(ASSIGNMENT)
Only the lines below between the one holding "Z tej okazji" and the one holding "Qualora durante la", inclusive, are to be reproduced word for word; the pictures are to be left out.

(THE DATA)
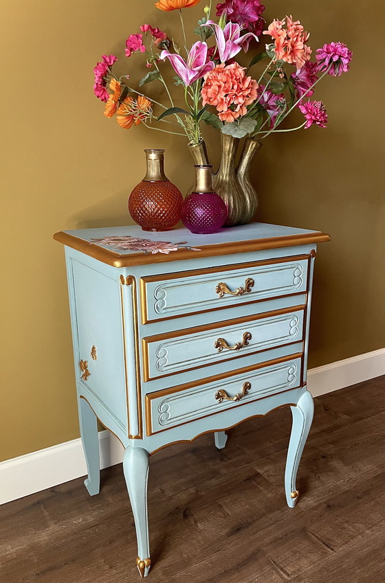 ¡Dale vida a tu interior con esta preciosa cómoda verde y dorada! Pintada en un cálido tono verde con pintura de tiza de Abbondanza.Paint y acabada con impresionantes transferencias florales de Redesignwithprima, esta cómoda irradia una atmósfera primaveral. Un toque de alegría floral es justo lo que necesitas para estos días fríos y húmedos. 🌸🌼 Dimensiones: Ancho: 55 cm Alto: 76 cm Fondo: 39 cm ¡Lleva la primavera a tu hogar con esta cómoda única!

==

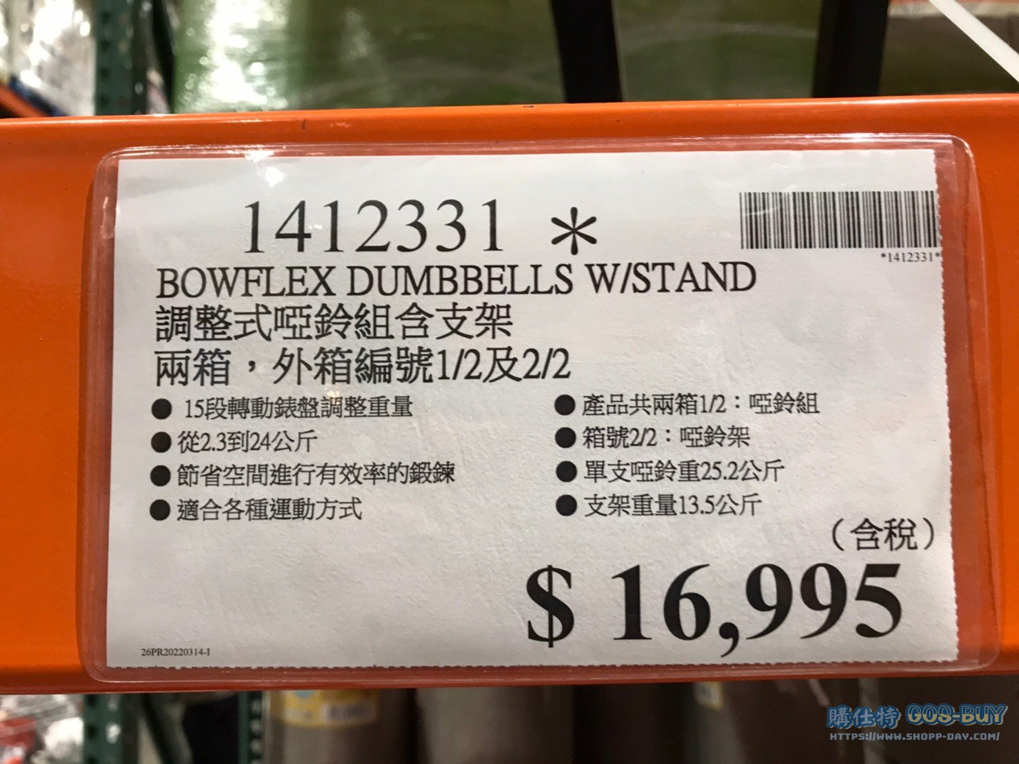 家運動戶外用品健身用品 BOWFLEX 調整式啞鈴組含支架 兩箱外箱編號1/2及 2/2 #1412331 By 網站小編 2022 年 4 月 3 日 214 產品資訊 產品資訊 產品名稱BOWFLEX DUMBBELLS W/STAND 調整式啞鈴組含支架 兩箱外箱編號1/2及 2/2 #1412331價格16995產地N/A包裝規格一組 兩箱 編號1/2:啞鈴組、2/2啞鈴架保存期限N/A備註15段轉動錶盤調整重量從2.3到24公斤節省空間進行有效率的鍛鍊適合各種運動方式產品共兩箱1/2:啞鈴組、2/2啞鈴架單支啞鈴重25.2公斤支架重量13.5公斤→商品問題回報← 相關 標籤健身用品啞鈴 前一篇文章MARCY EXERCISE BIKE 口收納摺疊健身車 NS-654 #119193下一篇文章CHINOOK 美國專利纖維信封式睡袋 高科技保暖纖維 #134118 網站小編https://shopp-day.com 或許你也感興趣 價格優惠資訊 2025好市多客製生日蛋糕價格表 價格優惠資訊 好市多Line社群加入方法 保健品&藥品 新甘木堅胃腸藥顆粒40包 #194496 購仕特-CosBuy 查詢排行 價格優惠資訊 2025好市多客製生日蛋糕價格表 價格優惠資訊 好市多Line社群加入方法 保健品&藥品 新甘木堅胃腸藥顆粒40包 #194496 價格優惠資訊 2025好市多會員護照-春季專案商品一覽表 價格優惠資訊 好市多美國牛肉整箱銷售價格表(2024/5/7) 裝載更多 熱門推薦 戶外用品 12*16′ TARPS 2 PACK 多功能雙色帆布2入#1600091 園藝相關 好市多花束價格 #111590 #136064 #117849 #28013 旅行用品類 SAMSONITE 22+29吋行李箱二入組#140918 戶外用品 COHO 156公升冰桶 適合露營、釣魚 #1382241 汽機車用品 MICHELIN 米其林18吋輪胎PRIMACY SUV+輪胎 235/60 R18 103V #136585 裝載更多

...

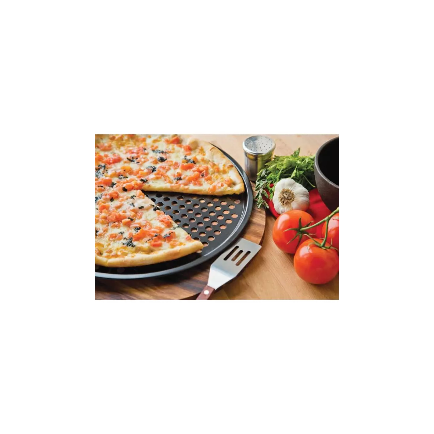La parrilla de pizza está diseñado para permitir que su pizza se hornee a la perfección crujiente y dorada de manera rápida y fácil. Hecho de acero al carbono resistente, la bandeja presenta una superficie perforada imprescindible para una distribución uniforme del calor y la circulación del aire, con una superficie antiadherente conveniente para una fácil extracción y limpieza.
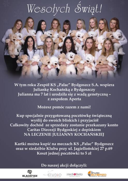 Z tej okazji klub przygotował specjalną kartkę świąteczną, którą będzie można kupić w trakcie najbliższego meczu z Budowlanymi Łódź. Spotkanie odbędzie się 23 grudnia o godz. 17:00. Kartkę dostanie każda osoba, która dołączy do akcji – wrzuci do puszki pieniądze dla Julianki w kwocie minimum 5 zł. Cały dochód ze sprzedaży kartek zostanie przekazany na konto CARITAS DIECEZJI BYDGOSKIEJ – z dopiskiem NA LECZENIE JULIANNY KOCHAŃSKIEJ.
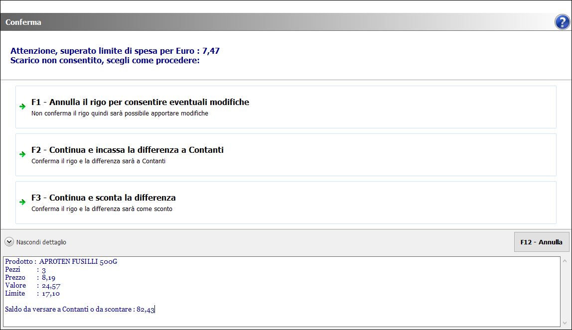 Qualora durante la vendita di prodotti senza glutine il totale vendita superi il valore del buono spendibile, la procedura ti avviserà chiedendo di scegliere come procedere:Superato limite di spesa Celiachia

(EXERCISE OUTPUT)
 Z tej okazji klub przygotował specjalną kartkę świąteczną, którą będzie można kupić w trakcie najbliższego meczu z Budowlanymi Łódź. Spotkanie odbędzie się 23 grudnia o godz. 17:00. Kartkę dostanie każda osoba, która dołączy do akcji – wrzuci do puszki pieniądze dla Julianki w kwocie minimum 5 zł. Cały dochód ze sprzedaży kartek zostanie przekazany na konto CARITAS DIECEZJI BYDGOSKIEJ – z dopiskiem NA LECZENIE JULIANNY KOCHAŃSKIEJ.
 Qualora durante la vendita di prodotti senza glutine il totale vendita superi il valore del buono spendibile, la procedura ti avviserà chiedendo di scegliere come procedere:Superato limite di spesa Celiachia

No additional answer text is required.